By PETER CALDER
Herald rating: * * *
Cinema for cineastes, the 32nd film by Bertolucci is oddly shackled by its origins in the novel called The Holy Innocents by Scotsman Gilbert Adair. Its main character's inner life is revealed in several long expository voiceovers which hold us at arm's length from the other two members of its cinematic ménage à trois. The resulting detachment is ultimately fatal to the film's success: it is certainly clever, at times even remarkable (though never as subversive as it would like to think) but it remains almost completely uninvolving.
That main character is Matthew, a young Californian in Paris in 1968. He's a movie buff and spends most of his days at the Cinémathèque Francaise - the French film archive and museum.

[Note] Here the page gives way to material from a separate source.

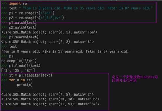 方法finditer返回迭代器对象

So he's there during a demonstration against the sacking of its head, Henri Langlois.
In the crowd he meets French twins Théo (Garrel) and Isabelle (Green) who invited him back to their upscale apartment. There they talk about politics and the movies and play a risque game of "name the movie" in which the forfeit for a wrong answer is, to say the least, highly charged.
Quite what develops in this erotic enclave is best not divulged although it's worth mentioning that it's depicted with unblinking candour. But Bertolucci (and Adair, who wrote the screenplay) are at least as interested in the emotional repercussions of the sexual hijinks as in the acts themselves.
The references are not simply cleverness for its own sake: this is a valentine to the cinema, or at least to cinephilia, but it's also a paean to the movies' power to fire the human imagination. Bertolucci lavishes the film with brief inserts from classics and New Wave landmarks, visually linking each clip with his own shot; the trio re-enacts the famous run through the Louvre from Godard's Outsiders; and most memorably in an early sequence he intercuts shots of Jean-Pierre Léaud, the young star of some of Truffaut's great 60s films, speaking in defence of Langlois in 1968 and re-enacting the speech.
But in the end that's all there is. In 1972, in Last Tango in Paris, Bertolucci made one of the finest films of the century. But its power resided in its performances - the unsettling chemistry generated by the gruffly threatening Brando and the gamine, needy Maria Schneider. There's no mystery about what's going on here: what we see is what we get. Even the sex - doubtless risque in 1968 - looks tame now, which could never be said of the scene in Tango involving a pound of New Zealand butter.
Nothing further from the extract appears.